**** PROVIDED DATA ****

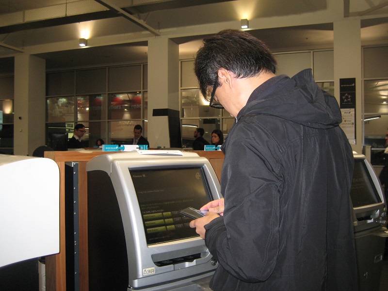 オークランド空港の国内線ターミナルでシャトルバスを下りる。チェックイン・カウンターの場所がわからず、右往左往してしまった。チャックイン手続きは すべてセルフ・サービス。チェックイン・カウンターの係員が指差す方向のベルト・コンベアに荷物を置いてきた。せめて荷物を預けるとこ ろには係員がいて欲しいなあと思った。
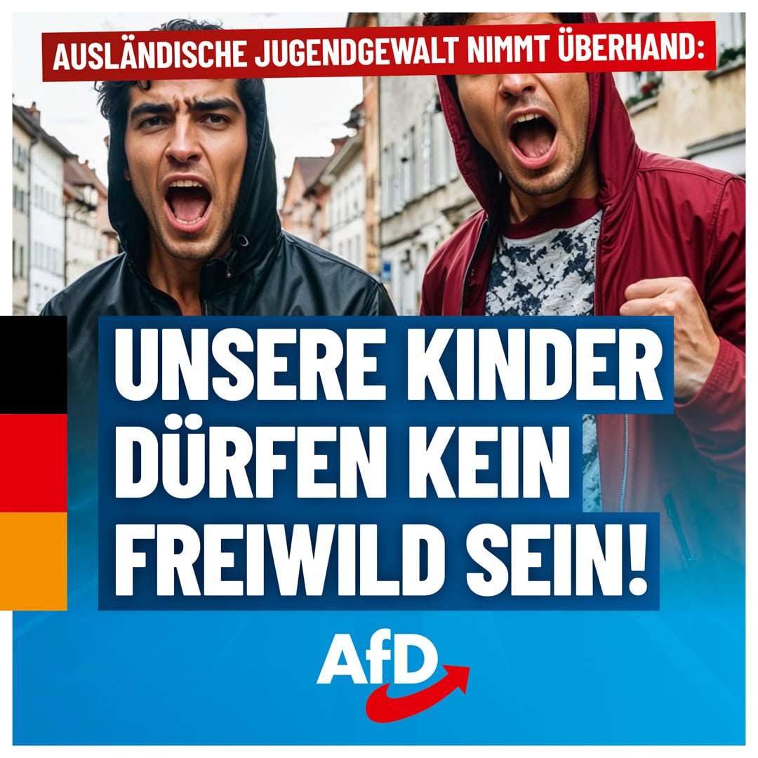 Zurück zu AfD: Schlimme Zahlen zu jugendlicher Migrantengewalt: Unsere Jugendlichen dürfen kein Freiwild sein!
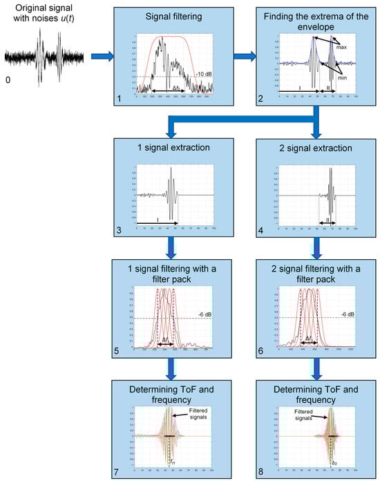 Finally, the ToF of the separated signals tf1 (Figure 1, (7)) and tf2 (Figure 1, (8)) are determined by averaging the times of the concentrated zero-crossings instances
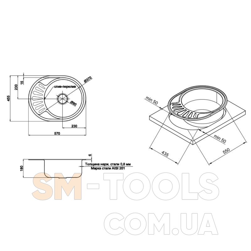Характеристики Кухонна мийка Lidz 5745 Satin 0,8 мм (LIDZ5745SAT08):
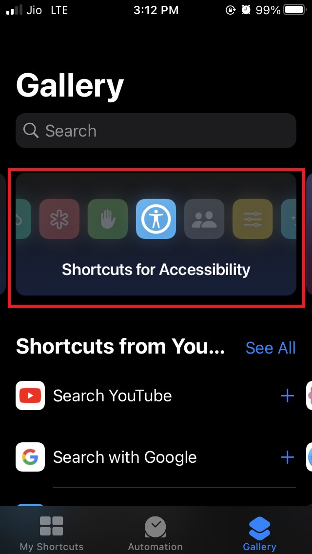 - 接下来,您可以在水平横幅上向左滚动,直到看到“辅助功能的快捷方式”选项。点击它。
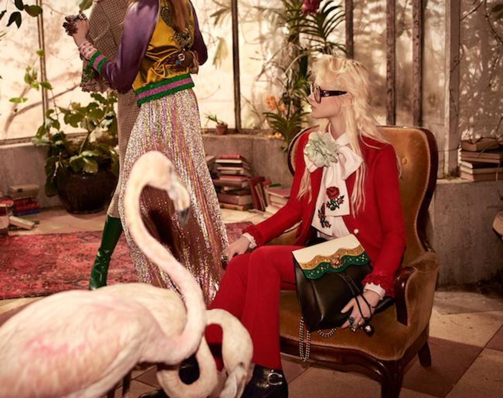 Gucci's new campaign for pre-fall 2016 is set in a glass-domed tropical aviary where wild plants and wandering flamingos move freely across patterned rugs and among piles of old books. A surreal riot of colours, textures, and movement recall the spirit of Gucci's new flora and fauna-based prints --loved by the likes of Beyonce, Florence Wlech, and Rihanna. Populated by a cast of carefree characters, the campaign is an exploration of the bizarre and the eccentric in an eye-popping wonderland where more is definitely more.
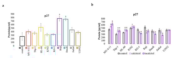 The basic level of p27 protein was significantly higher in the Raji and Daudi cells than PBMCs. However, the level of remaining cells was comparable to the control cells (Figure 4a). The use of calcitriol and tacalcitol resulted in an increased level of p27 in MV-4-11, HL-60, and Thp-1 cells. Conversely, calcitriol significantly reduced p27 in Raji and tacalcitol in KG-1, Daudi, and Jurkat cells (Figure 4b). miR-181a can impact the level of p21 protein by regulating the p53 protein, while miR-181b directly regulates the level of p27 [,]. It turned out that most cell lines have similar levels of the miR-181b molecule compared to PBMC. The exception was the HL-60 cell line, which had a much higher miR-181b than the control cells (Figure 4c). Interestingly, miR-181b decreased after using calcitriol and tacalcitol in three sensitive cell lines, MV-4-11, Thp-1, and HL-60. However, it increased in K562, Raji, Daudi, and Jurkat cells (Figure 4d). The miR-181a and p21 protein analysis did not show any correlation between the basal level and after treatment (Figure S3).
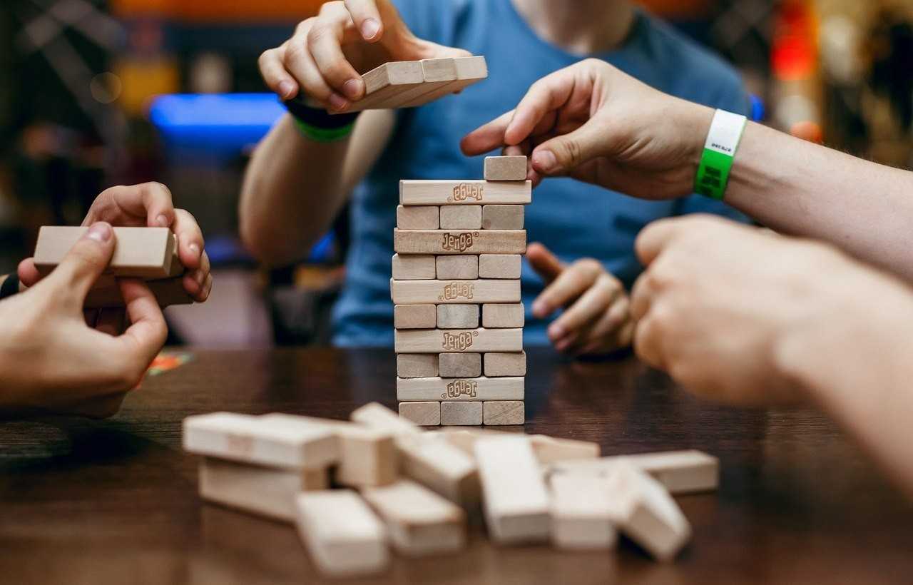 Игру нужно проводить с наличием ровной поверхности. Из домино, спичек или деревянных блоков (лучше всего) складывается башня. После первого блока от каждого участника добавляется по одной фишке. Тот игрок, который завалил конструкцию, считается проигравшим. Вместо проигрыша можно использовать штрафные очки с исполнением желаний. Исполняются они на подобии карточных желаний: спеть на стуле, прокукарекать, накрасить ногти зеленкой и т.д.
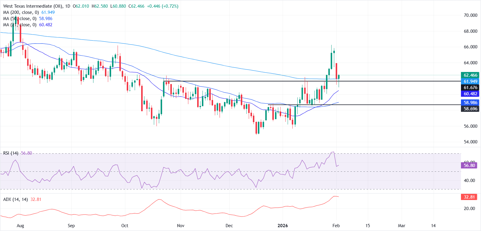 西德克萨斯中质原油(WTI)在周二出现技术性反弹,买家在60美元心理关口前入场。截至发稿时,WTI每桶交易约62.45美元,当日上涨约0.70%,扭转了早前的盘中亏损。
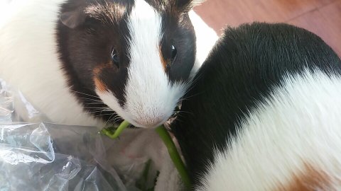 기니피그는 미나리를 좋아해요! 랑이가 미나리먹는걸 찍었어요 나중엔 미나리가 없는 빈 비닐봉지소리에도 꾸잉꾸잉하면서 무릎위로 올라와요!
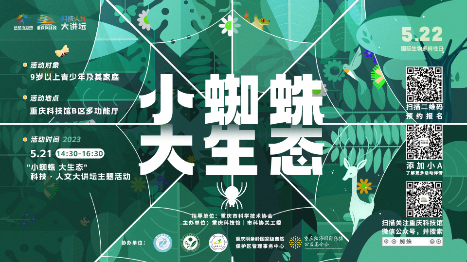 关注重庆科技馆微信公众号,发送“蜘蛛”,在活动推文中预约报名。
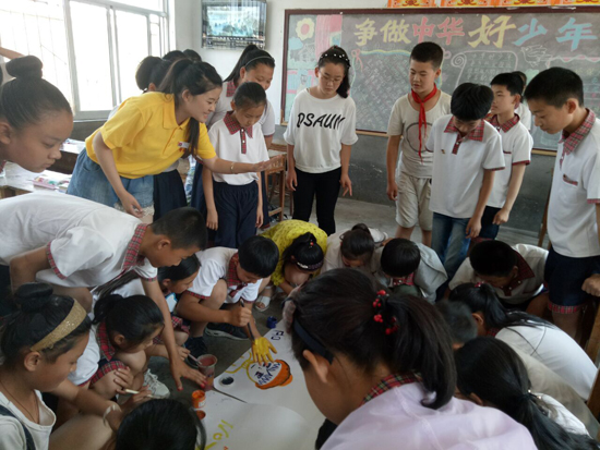 志愿者们的到来受到了老师和同学们的热烈欢迎,孩子们把大哥哥大姐姐们当成了自己的大朋友,手拉手做起了游戏——击鼓传花、丢手绢、绑腿跑、贴树皮……大家玩儿的不亦乐乎!志愿者们还和小朋友一起拿起画笔,共同描绘 “我的未来 我的梦想”,小朋友们边画边讲解,充满了对美好未来的向往。相信通过这样的活动他们也一定会为自己的理想而努力的。
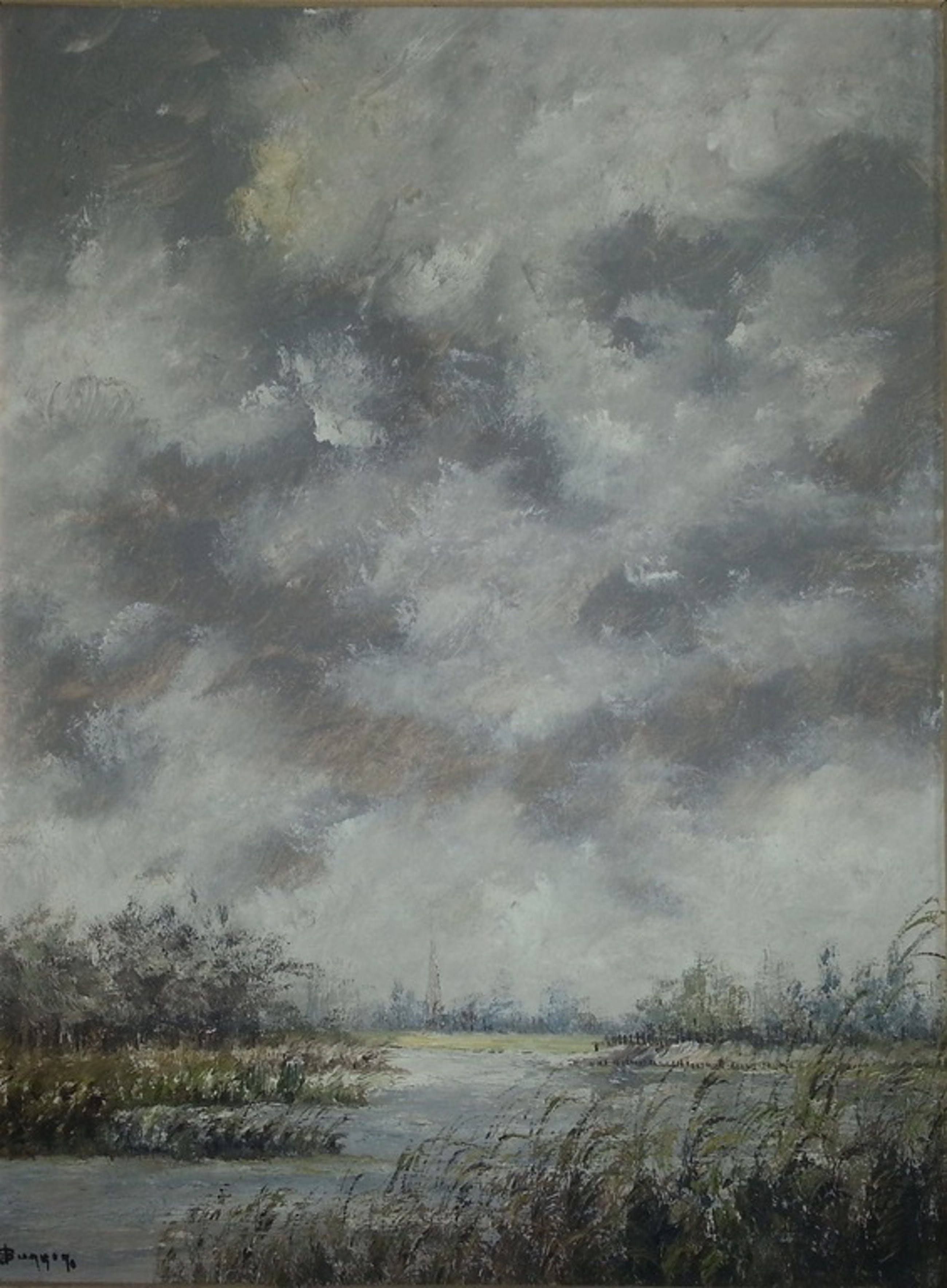 "Dreigende wolken boven plas".
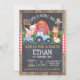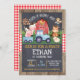 This boy's cute barnyard or farmyard birthday party invitation features a red barn, blue tractor, pig, horse and a cow. The background features a wood and chalkboard image as well as a red plaid pattern sash. This is a cute farm birthday invitation and sweet way to invite your little one's guests to his farm themed birthday party.
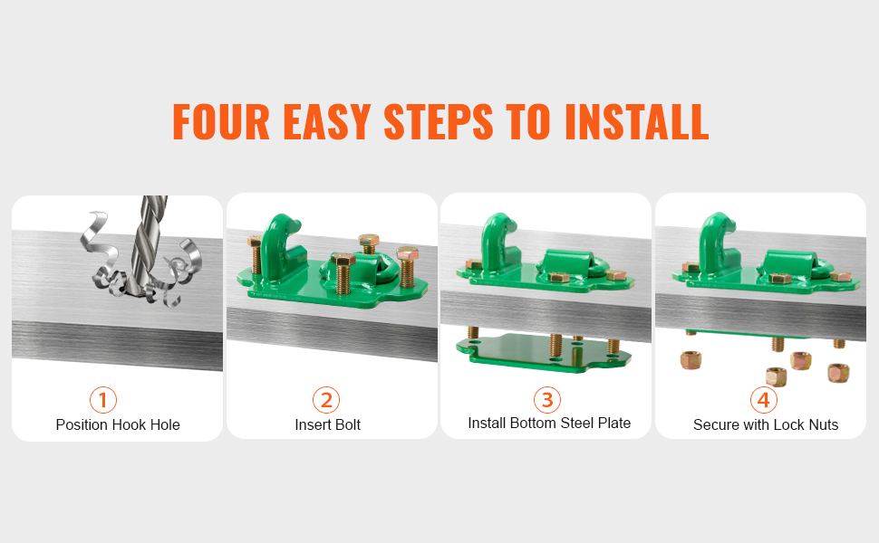 Montáž háku na ťahač so skrutkami je jednoduchá, vyžaduje si len štyri kroky, ktoré sa vykonajú za niekoľko minút bez vŕtania alebo externých nástrojov. Inštaláciu zvládnu ľahko a efektívne aj začiatočníci.
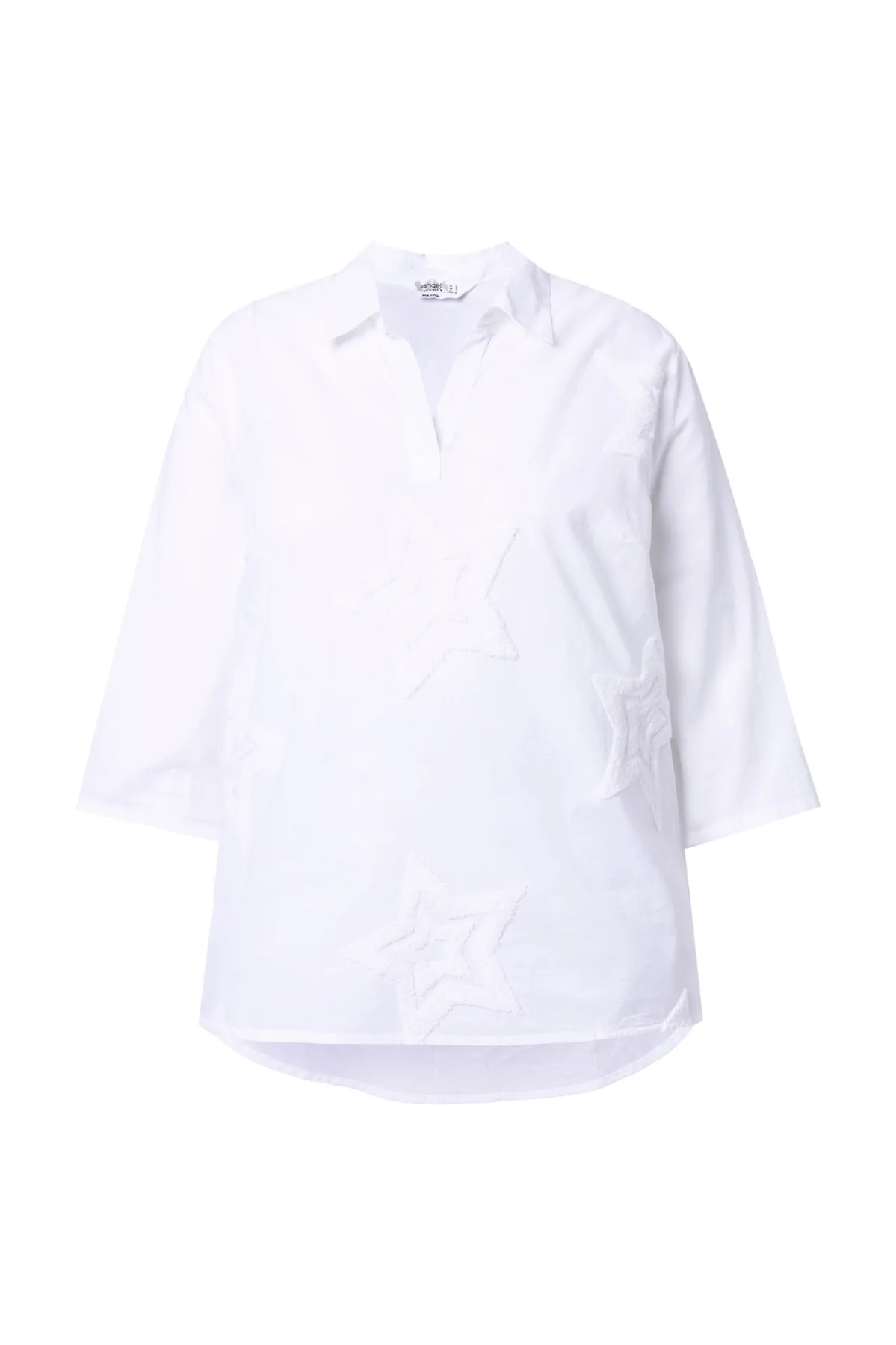 Blouse type: Blouseshirt; Design: A-lijn, Verlengd rugpand; Materiaal: Katoen; Kraag: Opstaande kraag; Extra's: Op staal naden; Pasvorm: Normale pasvorm; Armlengte: Driekwart mouw; Lengte: Normale lengte

****

▶ [DIRECTIONS FOR THIS TASK]:
Only the text of the records above, copied exactly, should be returned; the pictures stay out.

▶ [RESULT]:
 オークランド空港の国内線ターミナルでシャトルバスを下りる。チェックイン・カウンターの場所がわからず、右往左往してしまった。チャックイン手続きは すべてセルフ・サービス。チェックイン・カウンターの係員が指差す方向のベルト・コンベアに荷物を置いてきた。せめて荷物を預けるとこ ろには係員がいて欲しいなあと思った。
 Zurück zu AfD: Schlimme Zahlen zu jugendlicher Migrantengewalt: Unsere Jugendlichen dürfen kein Freiwild sein!
 Finally, the ToF of the separated signals tf1 (Figure 1, (7)) and tf2 (Figure 1, (8)) are determined by averaging the times of the concentrated zero-crossings instances
Характеристики Кухонна мийка Lidz 5745 Satin 0,8 мм (LIDZ5745SAT08):
 - 接下来,您可以在水平横幅上向左滚动,直到看到“辅助功能的快捷方式”选项。点击它。
 Gucci's new campaign for pre-fall 2016 is set in a glass-domed tropical aviary where wild plants and wandering flamingos move freely across patterned rugs and among piles of old books. A surreal riot of colours, textures, and movement recall the spirit of Gucci's new flora and fauna-based prints --loved by the likes of Beyonce, Florence Wlech, and Rihanna. Populated by a cast of carefree characters, the campaign is an exploration of the bizarre and the eccentric in an eye-popping wonderland where more is definitely more.
 The basic level of p27 protein was significantly higher in the Raji and Daudi cells than PBMCs. However, the level of remaining cells was comparable to the control cells (Figure 4a). The use of calcitriol and tacalcitol resulted in an increased level of p27 in MV-4-11, HL-60, and Thp-1 cells. Conversely, calcitriol significantly reduced p27 in Raji and tacalcitol in KG-1, Daudi, and Jurkat cells (Figure 4b). miR-181a can impact the level of p21 protein by regulating the p53 protein, while miR-181b directly regulates the level of p27 [,]. It turned out that most cell lines have similar levels of the miR-181b molecule compared to PBMC. The exception was the HL-60 cell line, which had a much higher miR-181b than the control cells (Figure 4c). Interestingly, miR-181b decreased after using calcitriol and tacalcitol in three sensitive cell lines, MV-4-11, Thp-1, and HL-60. However, it increased in K562, Raji, Daudi, and Jurkat cells (Figure 4d). The miR-181a and p21 protein analysis did not show any correlation between the basal level and after treatment (Figure S3).
 Игру нужно проводить с наличием ровной поверхности. Из домино, спичек или деревянных блоков (лучше всего) складывается башня. После первого блока от каждого участника добавляется по одной фишке. Тот игрок, который завалил конструкцию, считается проигравшим. Вместо проигрыша можно использовать штрафные очки с исполнением желаний. Исполняются они на подобии карточных желаний: спеть на стуле, прокукарекать, накрасить ногти зеленкой и т.д.
 西德克萨斯中质原油(WTI)在周二出现技术性反弹,买家在60美元心理关口前入场。截至发稿时,WTI每桶交易约62.45美元,当日上涨约0.70%,扭转了早前的盘中亏损。
 기니피그는 미나리를 좋아해요! 랑이가 미나리먹는걸 찍었어요 나중엔 미나리가 없는 빈 비닐봉지소리에도 꾸잉꾸잉하면서 무릎위로 올라와요!
 关注重庆科技馆微信公众号,发送“蜘蛛”,在活动推文中预约报名。
 志愿者们的到来受到了老师和同学们的热烈欢迎,孩子们把大哥哥大姐姐们当成了自己的大朋友,手拉手做起了游戏——击鼓传花、丢手绢、绑腿跑、贴树皮……大家玩儿的不亦乐乎!志愿者们还和小朋友一起拿起画笔,共同描绘 “我的未来 我的梦想”,小朋友们边画边讲解,充满了对美好未来的向往。相信通过这样的活动他们也一定会为自己的理想而努力的。
 "Dreigende wolken boven plas".
 This boy's cute barnyard or farmyard birthday party invitation features a red barn, blue tractor, pig, horse and a cow. The background features a wood and chalkboard image as well as a red plaid pattern sash. This is a cute farm birthday invitation and sweet way to invite your little one's guests to his farm themed birthday party.
 Montáž háku na ťahač so skrutkami je jednoduchá, vyžaduje si len štyri kroky, ktoré sa vykonajú za niekoľko minút bez vŕtania alebo externých nástrojov. Inštaláciu zvládnu ľahko a efektívne aj začiatočníci.
 Blouse type: Blouseshirt; Design: A-lijn, Verlengd rugpand; Materiaal: Katoen; Kraag: Opstaande kraag; Extra's: Op staal naden; Pasvorm: Normale pasvorm; Armlengte: Driekwart mouw; Lengte: Normale lengte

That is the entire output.